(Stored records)
-----

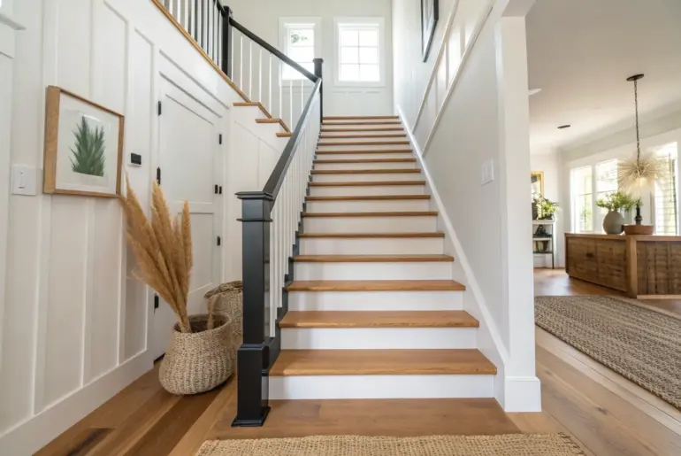 Carpet-free stairs can look just as finished and cozy as a runner—sometimes even more so—when the wood and details get a little love. I’ve redone a lot of bare staircases, and the sweet spot is always the same: make them beautiful, durable, and non-slip. Two-Tone With Dark Treads and Light Trim Deep walnut treads with crisp white trim—two-tone stairs that look dramatic and hide scuffs. If you want a little more drama, I’ve stained treads…
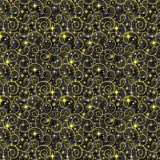 45" Wide Timeless Treasures Holiday Black Metallic Swirls (CM3626)
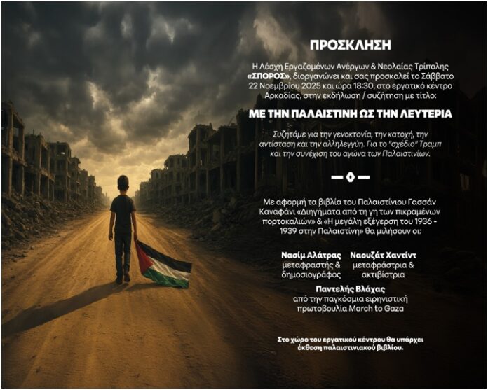 Η Λέσχη Εργαζομένων Ανέργων και Νεολαίας Τρίπολης ΄΄ΣΠΟΡΟΣ’’ διοργανώνει και σας προσκαλεί το Σάββατο 22 Νοεμβρίου 2025 και ώρα 18.30 στο Εργατικό Κέντρο Αρκαδίας, στην εκδήλωση – συζήτηση:
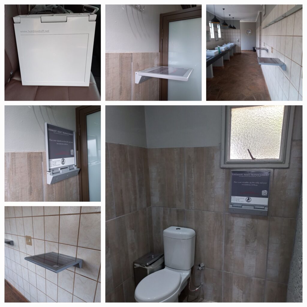 Without taking up any extra space in a cubicle Hold My Stuff offers an easy to use wall mounted fold-away table that provides a safe and clean space to place your valuables on and will also give the general public a more user friendly and hygienic experience when using a public toilet or cubicles.
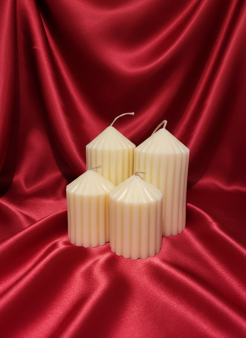 Svečana in elegantna – sveča Stolp s svojim rebrastim vzorcem in stožčasto obliko spominja na majhen arhitekturni detajl. Njena minimalistična podoba v prostoru izstopa kot dekorativen kos, hkrati pa prinaša občutek topline in umirjenosti.
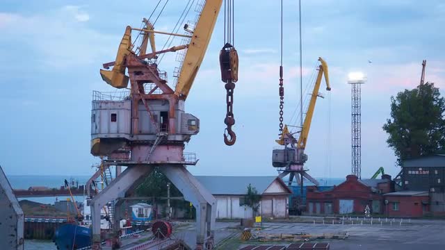 Cargo ship sailing in the sea near coastal city. Freight traffic by water
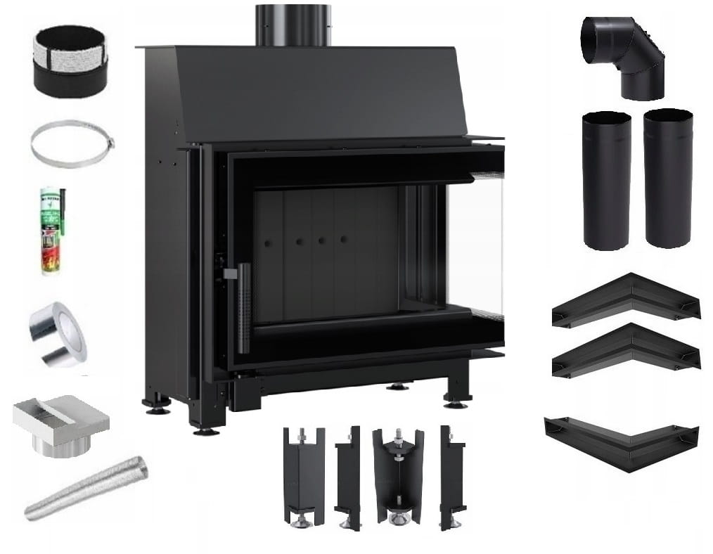Zestaw 4: Wkład kominkowy powietrzny stalowy Simple S prawy BS + dolot z przejściem na rurę fi 125, czarny termotec, pojedyncza szyba typu glass, wylot fi 150, moc 6 kw + akcesoria

-----

A verbatim reproduction is expected: starting at the line above that has "Svečana in elegantna", ending at the line that has "Cargo ship sailing", both included, and with no pictures and no other lines.

 Svečana in elegantna – sveča Stolp s svojim rebrastim vzorcem in stožčasto obliko spominja na majhen arhitekturni detajl. Njena minimalistična podoba v prostoru izstopa kot dekorativen kos, hkrati pa prinaša občutek topline in umirjenosti.
 Cargo ship sailing in the sea near coastal city. Freight traffic by water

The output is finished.